Like her father, Kate wanted to pursue a career in radio, which is one of the reasons she chose Fordham. Since its launch in 1947, WFUV has trained countless Fordham students for radio careers in music, sports and news.

Once on campus, she landed a work-study position at WFUV. She later earned an internship and, eventually, a staff position in the station’s news department, working closely with George Bodarky, FCRH ’93, the station’s news and public affairs director and host of Cityscape.

As a student journalist, she amassed an impressive array of clips, including stories for Issues Tank, the station’s new regional investigative program. In 2010, she won a Gracie Allen Award, presented by American Women in Radio and Television, and a Society for Professional Journalists’ Region 1 Mark of Excellence Award in 2011.

“WFUV became a kind of second home for me,” said Kate, who completed internships at NBC and WNYC during her senior year before landing a job as content producer for The Star-Ledger. “I was there all the time, even when I wasn’t working.”

Though the McGees shared a workspace for four years, Don said he always tried to let Kate stand on her own, even if that meant sacrificing a few on-air opportunities.

“We only got on the air together twice,” said Don, who joined Fordham’s noncommercial radio station in 2001, when Mixed Bag host Pete Fornatale, FCRH ’67, a former colleague at WNEW (102.7 FM) and WAXQ (104.3 FM), needed someone to sit in for him on the air. “But it was thrilling.”

While her father and sister shared an interest in radio, Annie McGee came to Fordham with a different set of goals and interests.

“I joke around and say Kate and I have the same resume,” she said, “but I’m not interested in journalism.

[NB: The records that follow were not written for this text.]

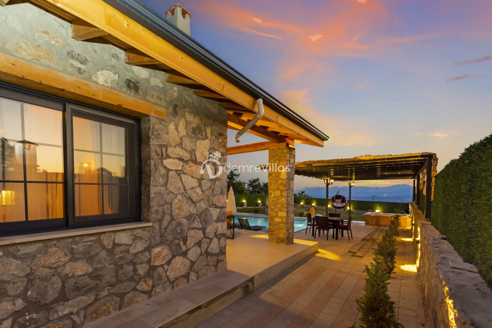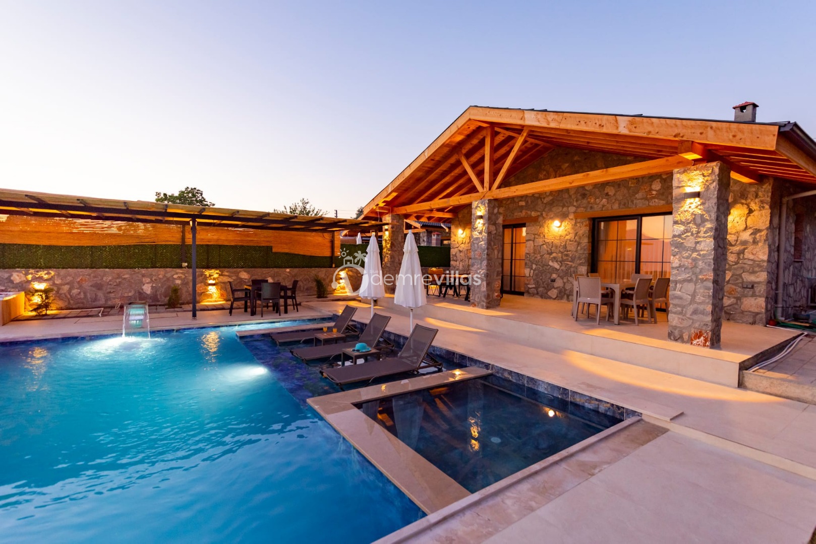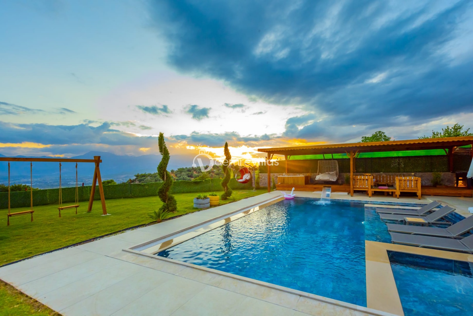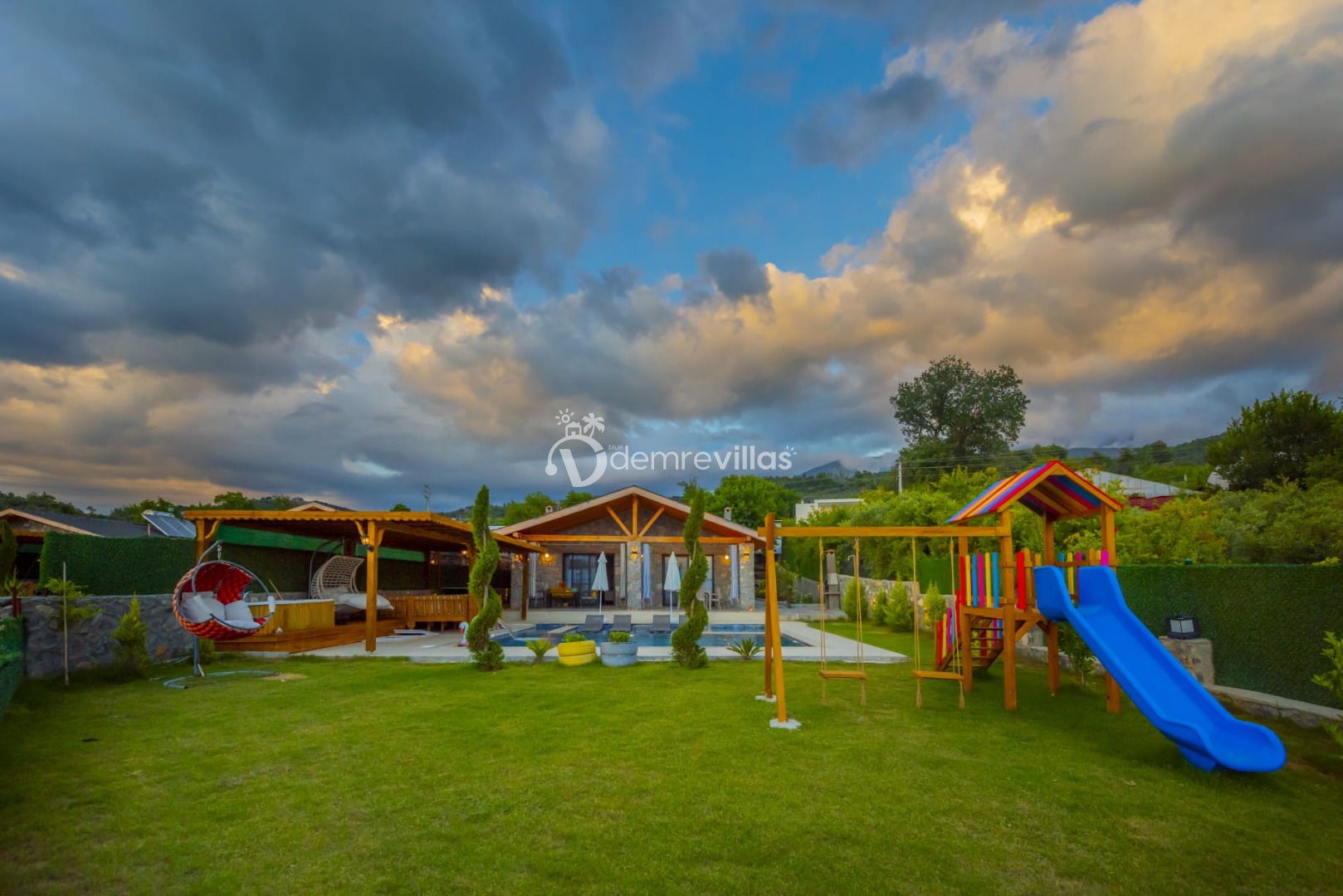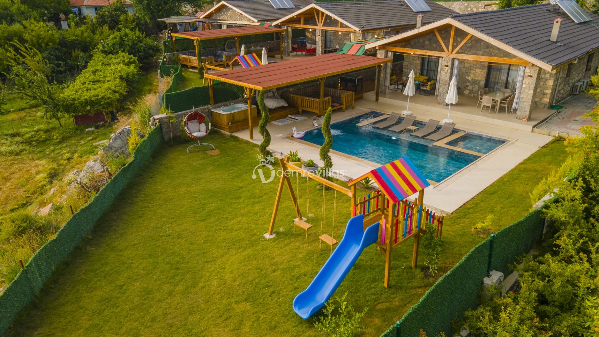 Villa, geniş aileler ve kalabalık arkadaş grupları için oldukça idealdir. Oldukça şık ve modern bir şekilde döşenmiş olan villamızda misafirlerimiz için her şey düşünülmüştür. Villamız doğa manzaralıdır ve ağaçlar içinde yer almaktadır. Yazın en sıcak aylarda bile bol oksijenli ve serin hava sunmaktadır. Villamızın bahçesinde bulunan jakuzisi , içerisinde bulunan saunası ve çocuk oyun alanı,çocuk havuzu ile siz misafirlerimize lüks bir tatil imkanı sunmaktadır.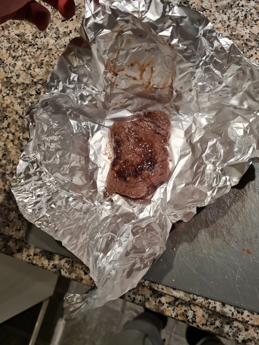 Oke thanks, hij was nu meer dan medium, dus volgende keer iets minder lang bakken. Dat van die sappen klopt, er lag een aardig bloedbad in het aluminiumfolie bakjeZo is goed. Je doet het om em te laten rusten. Dan verdelen de sappen zich weer en loopt je stuk vlees niet meteen leeg als je het aansijdt.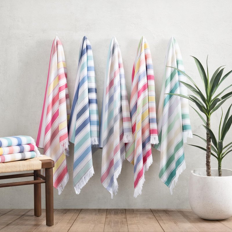 - QUALITY TURKISH TOWEL: Made of 100% Cotton, Sandfree flat-woven quick dry Turkish bath towels shed sand faster than terry beach towels. Oversized Pool Towel available in five fun color variations, collect the Sand Free beach towel set for your next beach day.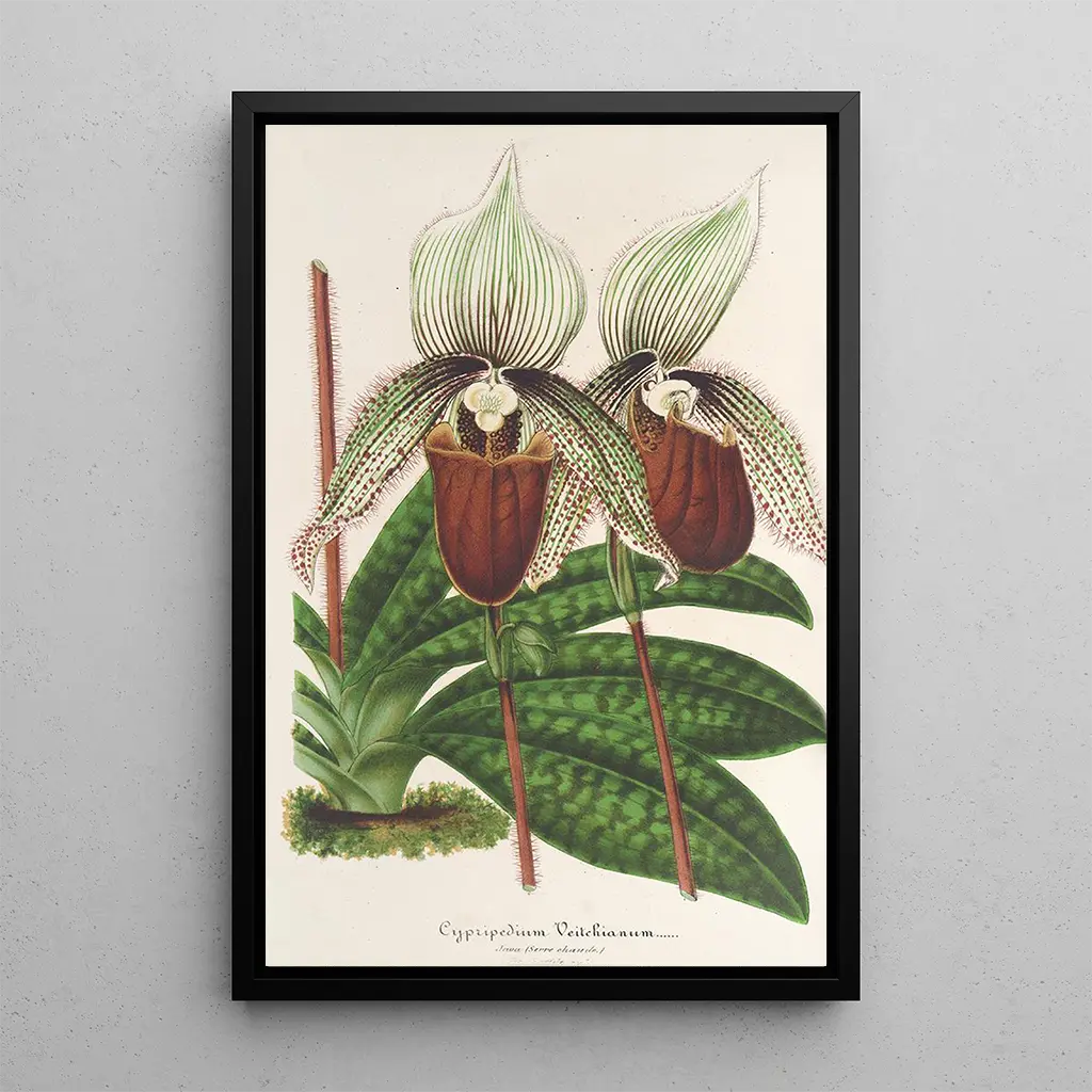Kunsttrykket af Cypripedium Veitchianum er et ideelt dekorativt stykke til at forskønne forskellige rum, uanset om det er i en stue, et kontor eller et soveværelse. Det høje trykkvalitet sikrer en bemærkelsesværdig trofasthed over for farver og detaljer i det originale værk, hvilket giver en æstetisk tiltrækning, der ikke kan benægtes. Ved at integrere dette lærred i din indretning tilføjer du et strejf af natur og elegance til dit hjem. Dette kunsttryk, med sin blomsterlige charme, vil tiltale kunst- og botanikkendere, samtidig med at det skaber en beroligende og inspirerende atmosfære.

I want to study political science and find my own way.”

Did the family’s presence on campus ever grow too close for comfort for either sister?

“Not at all,” Annie said. “She and I [have] had totally different experiences. We met different types of people. We took different classes. It’s always nice to see family. It’s nice to touch base with home from time to time.”

(Above, left to right: Annie, Kate and Don McGee at the 166th Commencement. Image courtesy of Don McGee)
—Miles Doyle, FCRH ’01

Thursday, June 9, 2011

FCLC Student Meets Commander in Chief (With Bo in Tow)


Fordham College at Lincoln Center rising senior Ryan O’Toole got an unexpected surprise on June 6 when President Barack Obama dropped in to the 100 Youth Roundtables event O’Toole was attending at the White House.

O’Toole (above at far end of table in blue shirt) was one of ten young leaders from around the nation invited to a discussion session with the President’s senior advisor Valerie Jarrett and others in the White House’s Roosevelt Room. As part of the youth initiative de-briefing, the were asked to share their views on youth entrepreneurship, the environment, poverty, the job market, student loans and other topics of interest to the nation’s future leaders.

Suddenly President Obama showed up in an unscheduled appearance at the session (with his dog Bo), meeting the student attendees and engaging in a chat about education, Don’t Ask/Don’t Tell, the Social Work and Reinvestment Act and the need to be involved to inspire change.

“It was an incredible meeting,” said O’Toole. “He shook hands with us and I was sure to mention Fordham to him. It was a great discussion and a chance for us to share our opinions and make our voices heard.”

As president of FCLC’s United Student Government, O’Toole said he had initially organized a roundtable on campus last semester to draft a report for the White House after he heard its Office of Public Engagement wanted input on issues students felt were important.

“As students at a Jesuit university, we are actively engaged in our community,” he said. “I immediately felt that Fordham should get involved.”

He sent in the report and received an invitation from the Office of Public Engagement to join the West Wing roundtable with nine other youth leaders from around the nation.
“I [was] proud to be able to represent Fordham at the White House,” he said.